Catch

Superstars: Au-delà des limites de l’acceptable

J'ai dépassé les limites, aisément, facilement,

Ouais, je dépasse les limites,sans un problème éthique.

Julien Doré, Les limites.

 

Aujourdhui, je dépasse les limites de mon temps de travail, en vous pondant une double review. La semaine précédente, enfin quinze jours auparavant, on nous promettait une réconciliation de la Team Colon. Quelques jours après, Carlito était mis à la porte. Ca aurait posé problème dans n'importe quel autre show qu'une feud soit morte-née suite à la défection d'un des lutteurs, mais l'épisode du 20 compense en nous proposant des combats de qualité. L'épisode du 27, lui, est bien plus inégal, au point de faire saturer ma limite d'acceptation de mauvais matchs.

 

 

Le genre d’épisode qui se regarde en pyjama.

 

 

Review double de Superstars, 20 et 27 mai

 

 

Le combat qui ouvre le bal le 20 oppose Santino Marella à Vladimir Kozlov.

 

Santino, sous une grosse pop, prend le micro, saluant la foule pour la remercier de le soutenir comme une rockstar. Kayfabe ou non, ce type d'intervention est rare et mérite d'être soulignée. Bref, notre Italien préféré est en mode paix et amour, et il a vu du changement chez Kozlov! Et ça lui a donné envie d'être son tag partner, ce qui est loin d'enchanter le Russe. Mais réfléchis Vlad, Santino te propose d'être son pote! Ca n'a pas de prix. Santino, trois fois champion régional de judo, et Kozlov, champion du monde de sambo, ca aurait de la gueule, apparemment.

 

 

Et en plus, mon bon Vlad, je t'apprendrai à faire le lapin en ombres chinoises!

 

 

Et puis, deux étrangers qui vivent le rêve américain, ce serait une gimmick idéale! Enfin, on a surtout l'impression que Santino se débine, puisqu'il  propose plus d'une fois de quitter le ring sans se battre.

 

 

Scusez moi, M'sieur Kozlov, j'voudrais faire pipi, sil vous plaît.

 

 

C'est le temps de choisir, apparemment. Et Vlad a choisi, il fait sonner la cloche.

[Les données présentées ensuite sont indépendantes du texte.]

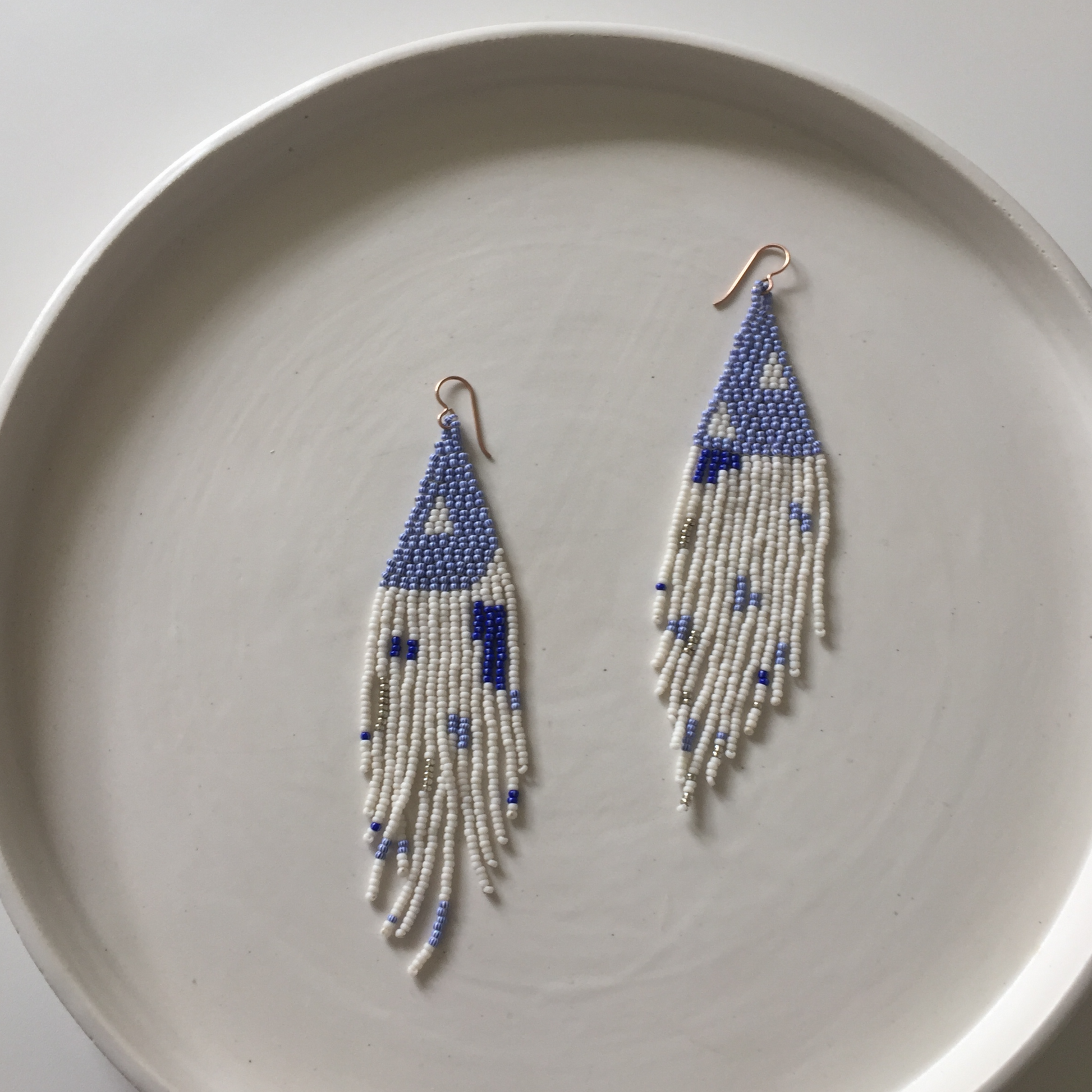 All earrings are joyfully handwoven using the finest quality Japanese glass seed beads and finished with 14k gold French ear wires.

En tout cas, cette promo de Santino est un modèle du genre, rien que pour cela je vous incite à la chercher. Le match? Trois coups de boule, un powerslam et un tombé plus tard, Santino se retrouve KO en dix secondes.

 

 

Fallait pas parler des trucs que t'aurais pu faire avec sa soeur, Santino.

 

 

Parlons désormais d'ex-membres de l'ECW, au travers de l'affrontement entre William Regal et Goldust. The Bizarre One (aka la blonde du Bois de Boulogne) profite d'une différence de gabarit a son avantage (plus grand et plus maigre, donc plus rapide) pour faire visiter les coins du ring à son adversaire anglais.

 

 

Visiblement, il a apprécié la visite.

 

 

Mais les manchettes portées à l'européenne et autres coups de genou du King of The Ring 2008 sont assez stiff et font vaciller l'homme à la peau d'or, qui semble être mal retombé sur son bras. Il n'en fallait pas plus pour que son adversaire tente une soumission en s'acharnant sur le bras affaibli. Paradoxalement, Goldust saigne, visiblement de l'oreille, et l'arbitre interrompt le combat afin que le soigneur intervienne. Soigneur qui met énormément de temps à se préparer (enfin, a enfiler les gants médicaux), je ne lui confierais pas ma vie à celui-là.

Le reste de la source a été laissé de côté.